– Так медсестра ведь, – отзывается одна, купившаяся на сладкую перспективу отведать Жориных сливок. Это самая старая здесь тетка, давно пристрастившаяся к чифирю, со страшным испитым лицом. Ее тут все зовут Гюльчатай.
– Да ушла она, старая блатовка, – успокаивает Жора и радуется, что он не один. – Сейчас темно, а темнота – друг молодежи, ага? – подмигивает он и идет за сливками.
– Что, бабы, заварим ему, – говорит Гюльчатай. – Хошь он и противный, а сливок, однако, хочется.
Гюльчатай, кстати, по-особому относится к тараканам, которых в «чайной комнате» видимо-невидимо. Она такая тараканья пастушка. Однажды я там курил, а она тоже курила рядом. Я смахнул и раздавил одного, который залез мне на ботинок, и тогда Гюльчатай тихо сказала:
– Ты маленьких-то не убивай, сынок. Только больших. Маленьких жалко.
Жора неоднократно пытается бежать. Входит в доверие за хорошее поведение, неделю не матерится, никому не обещает «шабером по шнифтам», и ему разрешают ненадолго выйти на улицу, погулять. И тогда Жора пускается в бега. Но все адреса его побегов хорошо известны, и тогда за ним в погоню посылают чаще всего Володю, вольноотпущенного алкаша, который так часто попадал сюда, что в конце концов остался, завязал и стал тут чем-то вроде помощника санитара. У него даже есть свой белый халат. Совсем недавно он привез Жору из очередных бегов, со станции Железнодорожная. Жора все норовит убежать то к тетке, то к бабке, то к двоюродной сестре, импровизировать он не может, ему бежать больше некуда. А побеги он совершает, видимо, назло отцу. Отец упек Жору сюда потому, что тот его компрометирует. Нельзя, чтобы человека с таким высоким положением так позорил собственный сын, срамной ублюдок. Стыдно иметь такого сына. Что в министерстве подумают?
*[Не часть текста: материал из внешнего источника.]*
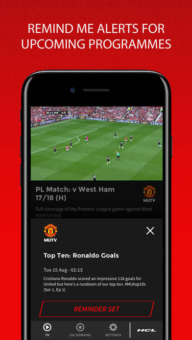 INTRODUCING THE MUTV APP… Your club, your channel - watch your favourite Manchester United programmes live and on demand with the MUTV app. CONTENT INCLUDES: - MATCH DAY: Follow the action with interviews, expert analysis and live radio coverage for every Manchester United game in the Premier League, Champions League, FA Cup and EFL Cup. - FIRST TEAM ACTION: Watch all the action from every first team fixture with match highlights and full match replays. - TOUR LIVE: Get a first look at the squad and new signings in action ahead of the season, with live coverage of pre-season games. - RESERVES AND ACADEMY LIVE: Watch the stars of tomorrow with exclusively live coverage of Reserve and Academy fixtures. - BEHIND THE SCENES: Get closer to your heroes including Pogba, Rashford, Lukaku and co. with exclusive MUTV access and interviews at Old Trafford and the Aon Training Complex. - MOURINHO’S PRESS CONFERENCE: Find out Jose Mourinho’s view ahead of United fixtures with exclusively live coverage of every Manager’s Press Conference. - AWARD-WINNING FILMS AND DOCUMENTARIES: Access ground-breaking series and documentaries featuring the manager, players, legends and famous fans, including When the Floodlights Fade, Sporting Reds, Paddy Meets and Andy Goldstein’s Celebrity Reds. APP FEATURES: - 24/7 LIVE STREAM: Manchester United content available all day, every day, with the live MUTV stream. - VIDEO ON DEMAND: Catch up on your favourite Man Utd programmes anytime with our on demand content. - REMIND ME ALERTS: Make sure you never miss your favourite content by setting remind me alerts for upcoming programmes. - PROGRAMME GUIDE: Check out the full MUTV schedule for the next seven days. - CAST TO TV: Watch any live stream or video on demand content on your TV using the Chromecast and AirPlay functions. - FULL SCREEN VIEWING: Simply rotate your device to watch any content in full screen mode. Get Closer -- Full Access to Premium Content: - You can choose to subscribe to MUTV with an auto-renewing subscription. - Monthly subscription packages are available with prices ranging from $1.49 - $4.99. - Payment will be charged to your iTunes Account at confirmation of purchase. - Subscription automatically renews unless auto-renew is turned off at least 24-hours before the end of the current period. - Your iTunes account will be charged for renewal within 24-hours prior to the end of the current period, and charged at the renewal prices stated above. - Subscriptions may be managed by the user and auto-renewal may be turned off by going to your Account Settings after purchase. - No cancellation of the current subscription is allowed during an active subscription period. - Any unused portion of a free trial period, if offered, will be forfeited when the user purchases a subscription to that publication. -- Download and use of this app is subject to app terms and conditions. - privacy policy: http://www.manutd.com/privacy - terms and conditions: http://apps.manutd.com/eula

Поэтому Жора был упрятан подальше, чтоб на глаза не показывался. А главврач получил негласную директиву держать Жору как можно дольше. Но сын все-таки… И отец посылает ему продовольственные деликатесы из министерского буфета, а иногда даже навещает. Жора тем не менее знает, кто упек его сюда неизвестно на какое время. Он жутко стесняется жестокой правды и переживает. Поэтому, когда я спрашиваю его: «А ты что здесь так долго?» – Жора отмахивается и с такой небрежной гордостью отвечает: «Да на мне Щеглов (это главврач) опыты какие-то делает. Лекарства новые испытывает». Но при этом голос его дрожит, и он отворачивается.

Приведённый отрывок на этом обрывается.